After a 1997 PhD titled 'The oxidation reactions of heterogeneous carbon cathodes used in the electrolytic production of aluminium' at the University of Auckland, James joined the staff, rising to full professor.

Much of her work involves engineering properties of food. In 2017 James, Dr Gant, Associate Professor MJ Hautus and Professor EA Foegeding were awarded a Marsden Fund grant for a study titled Why do texturally complex foods lead us to eat less?.

From 2020 to 2023, Bryony was Deputy Vice-Chancellor (Research) at the University of Waikato.

In 2023, Bryony was appointed Provost at Victoria University of Wellington.

In May 2026, Bryony James was announced as the next Vice-Chancellor of Victoria University of Wellington following the departure of Nic Smith.
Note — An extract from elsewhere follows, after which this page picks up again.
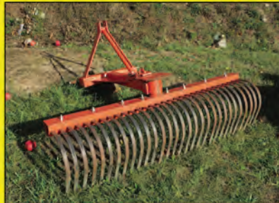
Kubota York Rake

James is the first female to hold the position of Vice-Chancellor of Victoria University of Wellington.

== Selected works ==
- James, Bryony J., Yan Jing, and Xiao Dong Chen. "Membrane fouling during filtration of milk––a microstructural study." Journal of Food Engineering 60, no. 4 (2003): 431–437.
- Lee, Brendan J., Armando G. McDonald, and Bryony James. "Influence of fiber length on the mechanical properties of wood-fiber/polypropylene prepreg sheets." Materials research innovations 4, no. 2-3 (2001): 97–103.
- Patel, Krishal, Colin S. Doyle, Daisuke Yonekura, and Bryony J. James. "Effect of surface roughness parameters on thermally sprayed PEEK coatings." Surface and Coatings Technology 204, no. 21-22 (2010): 3567–3572.
- James, Bryony J., and Bronwen G. Smith. "Surface structure and composition of fresh and bloomed chocolate analysed using X-ray photoelectron spectroscopy, cryo-scanning electron microscopy and environmental scanning electron microscopy." LWT-Food Science and Technology 42, no. 5 (2009): 929–937.
- Lynne, Bridget Y., Kathleen A. Campbell, Bryony J. James, Patrick RL Browne, and Joseph Moore. "Tracking crystallinity in siliceous hot-spring deposits." American Journal of Science 307, no. 3 (2007): 612–641.